I will not soon be back to visit Tech. I am not wanted there. My heart is broken.

Ten Years Later

Sunday, September 11th, 2011

I didn’t want to think about 9/11/01 today. I really didn’t. But that seems to be impossible. If for no other reason that my Dad lives with me these days.

I was sitting in my office at Bishop Guertin High School when I heard about the first plane crash. That didn’t sound good but I knew that planes had hit New York City skyscrapers in the past. Still I turned to the Internet for news. Soon after a second plane hit. A student came through my office and remarked about it being some coincidence. I replied that it was not a coincidence. One could be an accident but two meant deliberate action. I didn’t want to be right but I was.

Soon after I saw two girls, the Oganowski sisters, accompanied by a guidance councilor and a campus minister walk quickly by with tears in their eyes. I found out shortly after that their father had been the pilot of the first plane to crash.

Soon I started thinking about people I knew in the City. One of them I knew worked in one of the buildings at the trade center though I didn’t know which one. Also I wondered about my father. Dad lived on the eastern end of Long Island but he was still the senior chaplain of the New York City fire department. Had he gone to the City that day?

I was able to find out about my friend. He was late going to work and wasn’t at work when the crashes happened. He was safe. I couldn’t get in touch with my Dad right away.

It turns out that my Dad had been home when the first crash happened. He’d gotten into his truck (a  Chevy Blazer) and using red light and siren made amazing time getting to the WTC site. He knew a lot of firefighters involved including some senior officers and of course Fr. Mychal Judge one of the department’s other chaplains who died in the building collapse.

Dad was on the scene for pretty much 6 weeks straight. The first night or two he slept in his Blazer a block away from what came to be called “Ground Zero” by all. FEMA put him up in a hotel nearby at some point. After a couple of days masks became available and required. Still, my Dad’s lungs have not been the same since. In fact I wonder how many of his current medical issues  derived or were worsened by those weeks.

After about 6 weeks Dad was hospitalized with pneumonia. Oh did I mention that he was already 76 and had been spending 12 to 18 hours a day at Ground Zero for weeks with no breaks?
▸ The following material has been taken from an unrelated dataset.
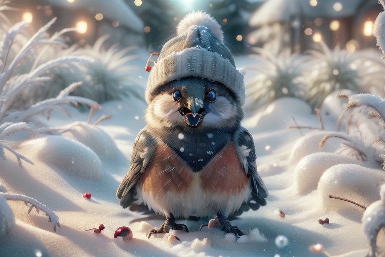 A happy cute, (robin:1.2), (bird), (wearing a winter hat), Adorable, heart warming, cheerful, detailed, bright colours, friendly expression, small size, shiny, eco-friendly, garden, winter, environmental, sunlight, shadows, digital art, whimsical, playful, intricate details, high resolution, photorealistic, joyful atmosphere, gentle, soft lighting, cartoonish style, enchanting, vivid, appealing, character design, imaginative, family-friendly, [photography, realistic, photorealistic, (8k), (highly detailed), cinematic lighting, intricate details, (high resolution), award-winning, correct focus, realistic, realistic lighting, (highly detailed), masterpiece], ((Cinematic Still-Shot)), Chr457m45m3rg3D0nMN3M1C neon,
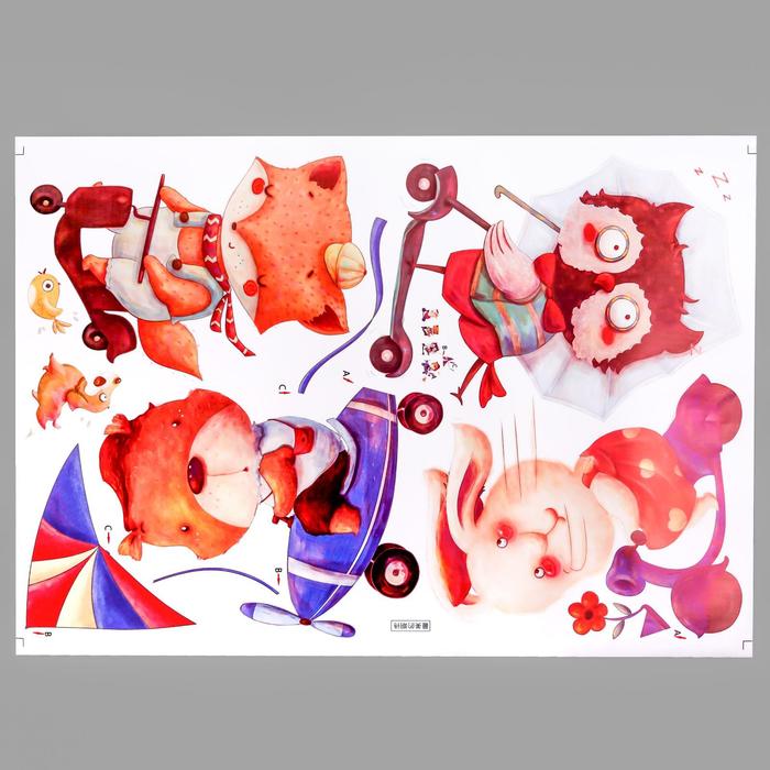 Наклейка пластик интерьерная цветная "Зверята и транспорт" 60х85 см

Dad spent his time in several ways. One was helping prepare the many clergy who volunteered to help. He warned clergy not to “shove the dove” as he put it. In other words not to use this as a chance to do a hard press on evangelism. First responders needed support and comfort.  Not judgment or hard press preaching. Living the faith was the important thing.

Dad also spent a lot of time with families of the victims. This is a role that Dad was uniquely prepared for. When one loses a spouse it is often easy to feel, and often correctly, that counselors don’t know what they are going through. Dad had outlived two wives by this time and really deeply did (does) know what it is like to lose a spouse. He’d also seen a lot in his years as a chaplain both for  the Fire Department and the Navy. These were not his first visits with families who had lost a loved one. And he’d seen some pretty horrible things during World War II where he saw more combat than most.

A lot has happened since then. Dad finally retired from the Fire Department – the last of several jobs he retired from. I’ve since left teaching and gone back to industry. Security theatre runs rampant throughout the country. We’ve still got fighting forces in Iraq and Afghanistan to no apparent good for the US.

No one won that day. Everyone lost. What is important now is where we go from here.